O menor valor que as incógnitas podem assumir é 1, daí,

$1^2 \cdot 1^2 \cdot 1^2 + 1 \cdot 1 + 1 \cdot 1 + 1 \cdot 1 \geq N \cdot 1 \cdot 1 \cdot 1 \\\\ 1 + 1 + 1 + 1 \geq N \\\\ 4 \geq N \\\\ N \leq 4$

Logo, $\boxed{N = 4}$

By AMGM, note

$ab + bc >= 2b\sqrt{ac}$

$ab + ac >= 2a\sqrt{bc}$

$bc + ac >= 2c\sqrt{ab}$

adding and dividing by 2 gives $ab + bc + ac >= b\sqrt{ac} + a\sqrt{bc} + c\sqrt{ab}$ substituting into the original equation and dividing by $abc$ $abc + 1/\sqrt{ac} + 1/\sqrt{bc} + 1/\sqrt{ab} >= N$ which clearly has a minimum when a = b = c = 1 hence N = 4

By AM-GM $$a^2b^2c^2 + ab + bc + ca \geq 4\sqrt[4]{a^4b^4c^4} = 4abc$$ On the other hand for $(a,b,c) = (1,1,1,1)$ we get $$4 \geq N$$ Hence $$N = \boxed{4}$$

a^2 b^2 c^2 +ab+bc+ca >= Nabc.......Dividing each side of inequality by abc....................... As all three numbers a,b,c are positive, sign of inequality remains unchanged. Hence, abc+1/a+1/b+1/c>=N....Hence the greatest value of N is the least value of abc+1/a+1/b+1/c.
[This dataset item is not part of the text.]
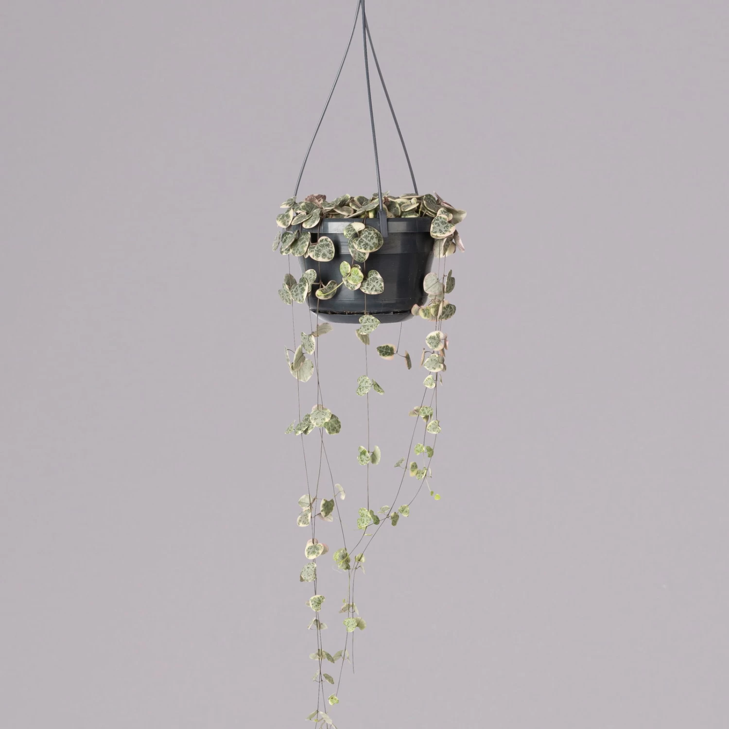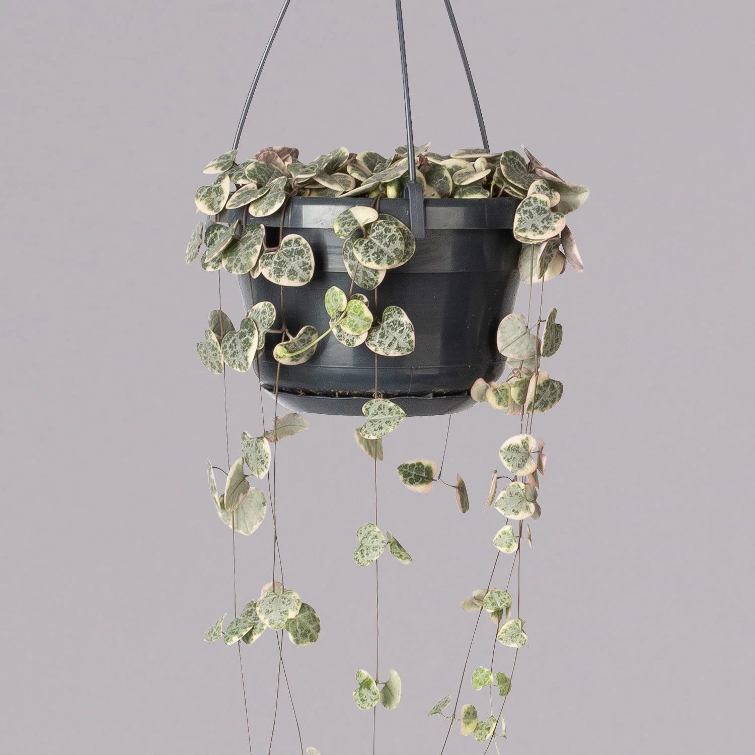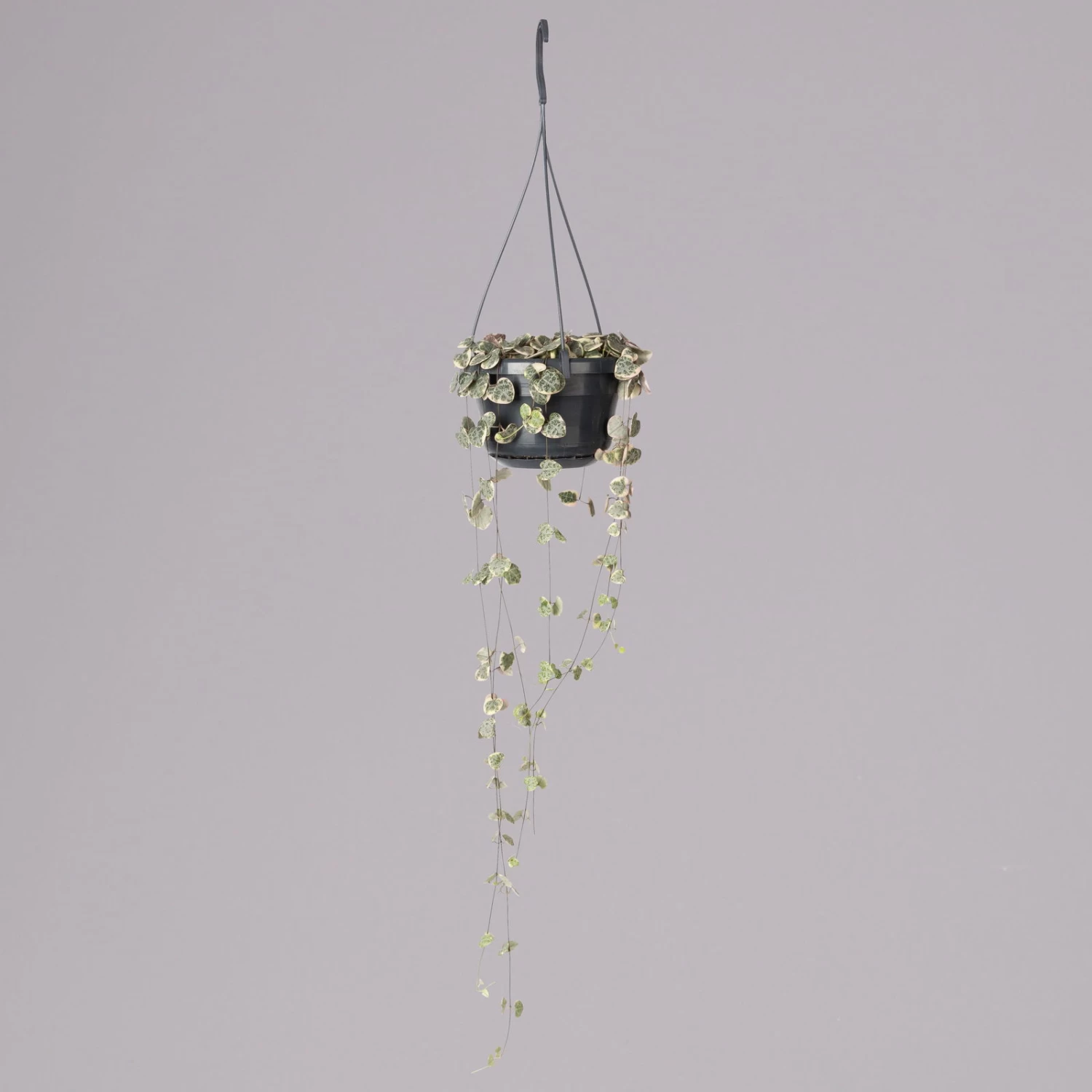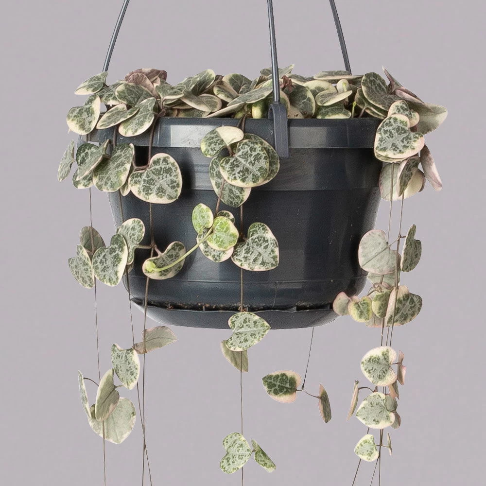 Die Leuchterblume (Ceropegia woodii ‚Variegata‘) ist dank ihrer herzförmigen, panaschierten Blätter und der langen, feinen Triebe eine außergewöhnliche Zimmerpflanze. Noch erstaunlicher sind ihre formschönen Blüten in zartem Rosa, die Sie von Spätsommer bis Herbst erleben dürfen. Die Leuchterblume ist eine sukkulente Zimmerpflanze, die nur moderat zu gießen ist und einen hellen Standort ohne direkte Sonne benötigt.

Applyng AM- GM inequality, we get that abc+1/a+1/b+1/c>=4.......Hence , N max =4

$\frac{a^{2}*b^{2}*c^{2}+ab+bc+ca}{abc} = abc+a+b+c$

$abc+a+b+c>=N$

Minimum condition for equation to be true: a,b,c = 1. $1*1*1+1+1+1 = 4$ Therefore, largest integer * $N$ = 4 *

On dividing with abc both sides we get::

abc + (1/a) + (1/b) + (1/c) >= N

Symmetrically a = b = c = 1 should be the solution

ANS :-: 4

the largest number $N$ for all positive numbers $a, b, c$ , this mean $a = b = c = 1$ is included and it's the smallest possible solution for all $(a, b, c)$ then:

$a^2b^2c^2 + ab + bc + ca = (1^2)\times(1^2)\times(1^2) + (1)\times(1) + (1)\times(1) + (1)\times(1) = 4$

then $4 \geq N$ so $N = 4$ is solution.